● Task objective
Below are the records; print exactly the lines from the one with "Het product zorgt" through the last, both included, and leave the pictures out.

● Data for analysis
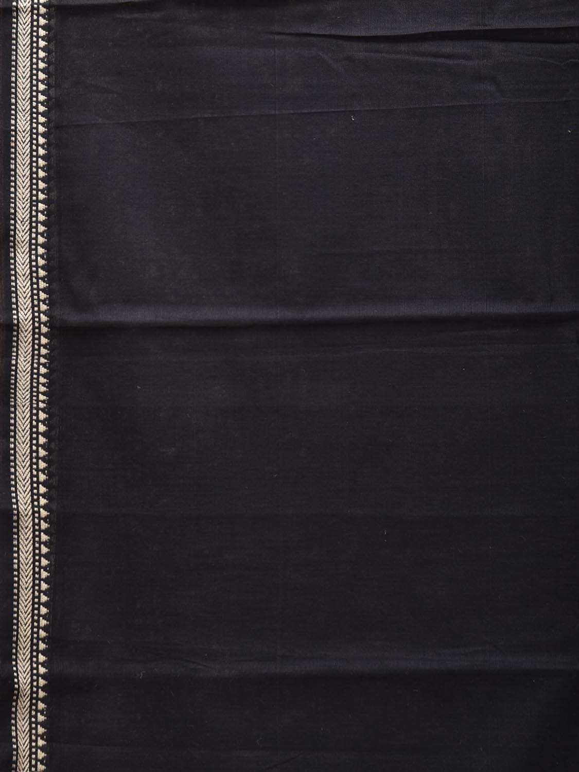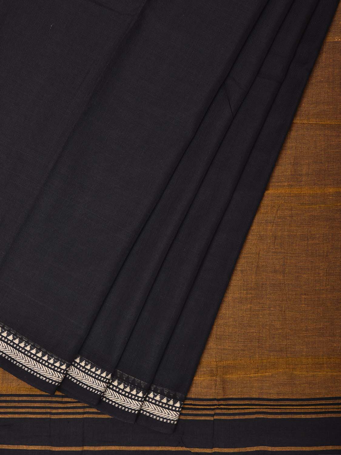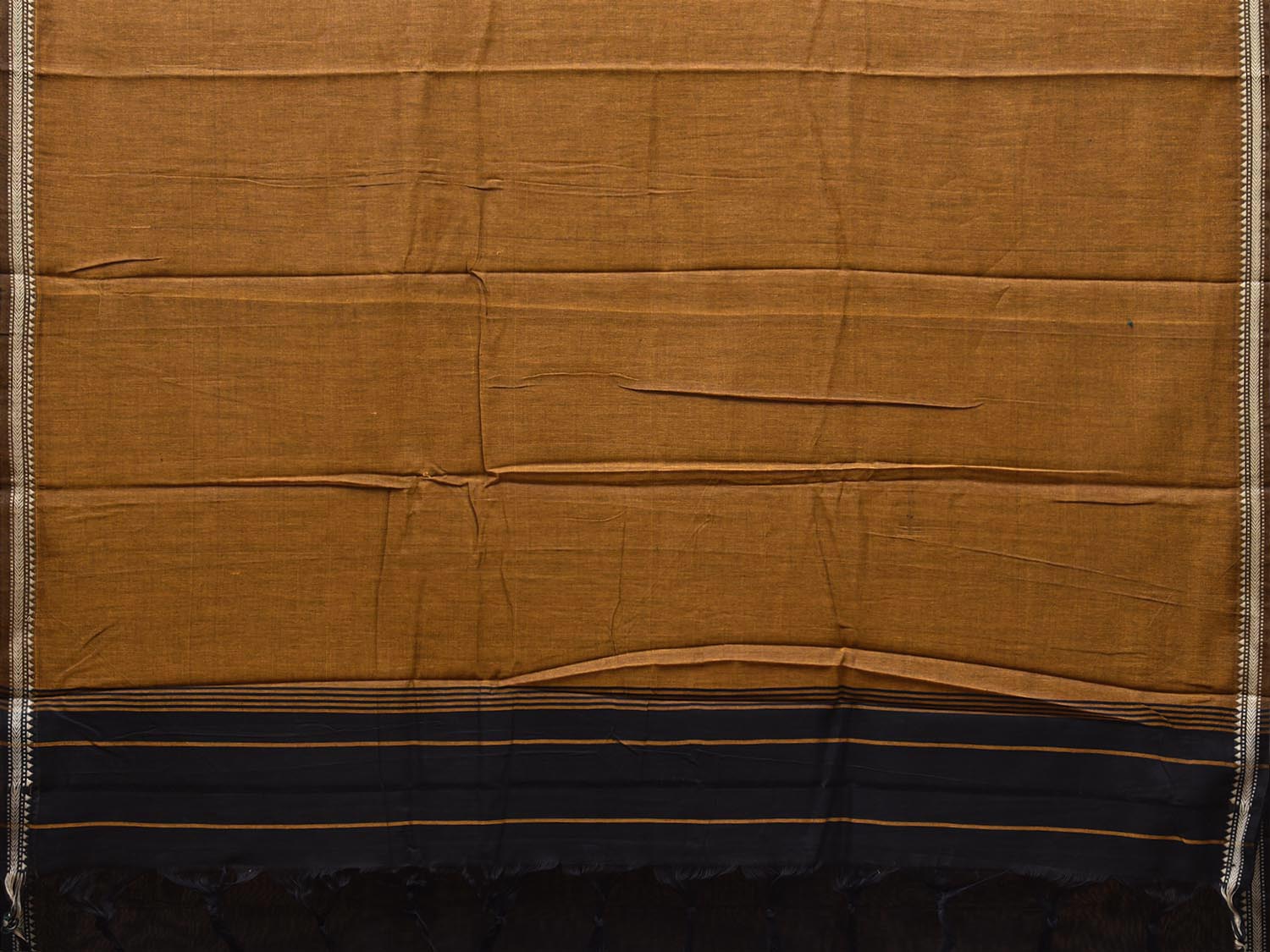 Black and Mustard Narayanpet Cotton Plain Saree with Contrast Pallu Design No Blouse. This saree has no blouse.
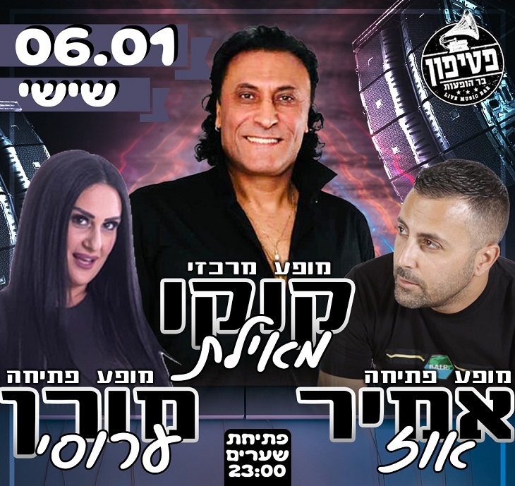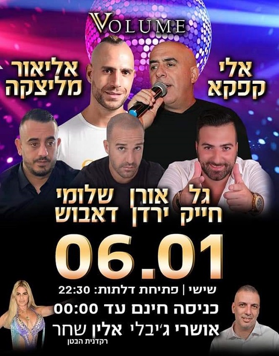 הזמרים אלי קפקא, אליאור מליצקה, גל חייק, אורן ירדן ושלומי דאבוש. רקדנית בטן: אלין שחר. שישי, 6.1, פתיחת דלתות: 22:30. כניסה חינם: עד 24:00. מועדון Volume, דרך המכבים 16, ראשון לציון.
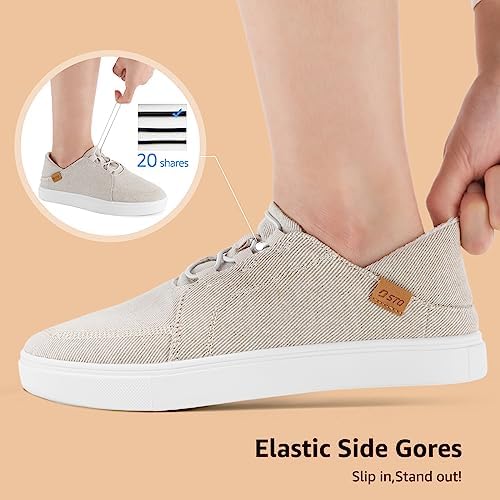 STQ Womens Slip On Shoes | Casual Canvas Sneakers | Memory Foam Loafers Shoes Lightweight
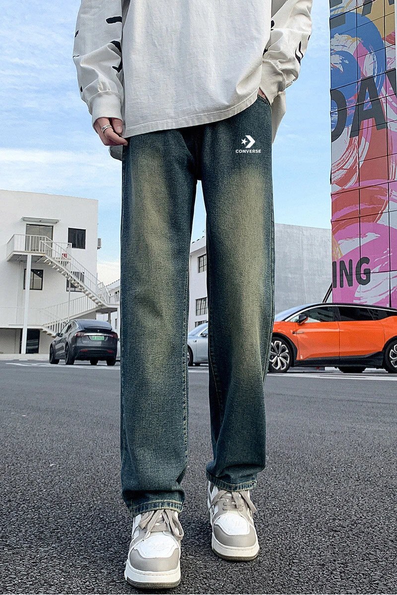 Converse Mid-Gray Jeans have a complex sand-washed finish with low saturation, making each unique.
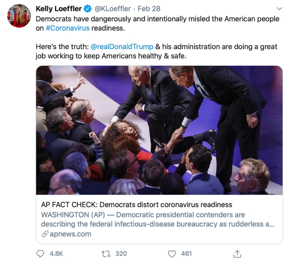 涉嫌利用疫情在股市套利 今年一月,洛夫勒在她宣誓就职佐治亚州参议员两周后,参加了由政府组织的新冠病毒非公开简报会,出席该会议的还有包括安东尼·福奇博士在内的抗疫工作小组专家。据《纽约时报》报道,出席会议后不久,洛夫勒和丈夫就开始出售价值数百万美元的股票,并且在接下来的几周持续抛售包括大型零售公司在内的多只股票,这些公司的股价都在疫情暴发后遭遇暴跌。此举看来,洛夫勒似乎是意识到了疫情的严重性,因此赶在股票市场崩盘前减少损失。但在面对公众时,她却说出与自身行动相悖的言论。2月28日,洛夫勒在社交平台发文写道:“民主党人一直在故意误导美国人民去为新冠病毒做准备,但事实上,特朗普政府在保护美国人民的健康安全方面已经做得很好了。” ![]()
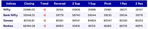 Nifty witnessed a slight volatile session taking support near the 25900 zone during the intraday session with bias slightly maintained with a cautiously positive approach and has the important near-term support near the 25770-25800 band which needs to be sustained to maintain the positive bias intact. As mentioned earlier, once a stability is established near the 25800 zone, we can expect for further revival to carry on with the positive trend further ahead. Sensex after witnessing a weak opening consolidated near the 84800 zone and recovered to some extent in the final hours to erase the losses to end almost on a flat note. As mentioned earlier, the index would have the near term support at 84400 zone which needs to be sustained and only with a revival established can expect the index to continue with the upward move having fresh higher targets of 87400 and 89000 levels in the coming days. The support for the day is seen at 25800 levels, while the resistance is seen at 26200 levels.
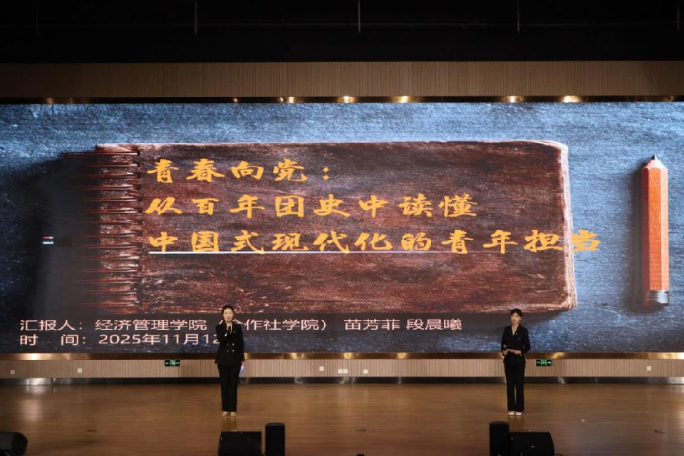开幕式上,经管学院会计2406班段晨曦、物流2401班苗芳菲围绕“从百年团史中读懂中国式现代化的青年担当》主题,食品学院粮食工程专业2301班张一帆围绕《食代担当——从餐桌到国策的青年使命》主题进行微团课展示,分享了实践案例,展现了青年学子的责任与担当。
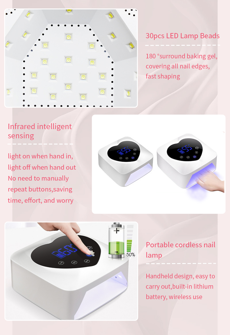 Het product zorgt voor een gelijkmatige lijmdroging zonder krimp. De dubbele lichtbronnen zorgen voor een zachte verwarming om verkleuring van de handen en vermoeide ogen te voorkomen, geschikt voor zowel handen als voeten, en leveren opmerkelijk snelle droogresultaten op.
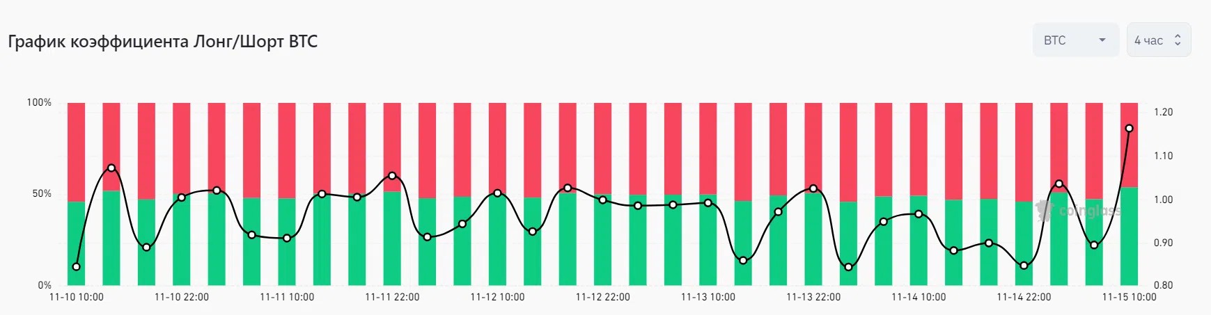 Соотношение длинных биткоин-позиций к коротким. Источник: Coinglass

● Exercise result
 Het product zorgt voor een gelijkmatige lijmdroging zonder krimp. De dubbele lichtbronnen zorgen voor een zachte verwarming om verkleuring van de handen en vermoeide ogen te voorkomen, geschikt voor zowel handen als voeten, en leveren opmerkelijk snelle droogresultaten op.
 Соотношение длинных биткоин-позиций к коротким. Источник: Coinglass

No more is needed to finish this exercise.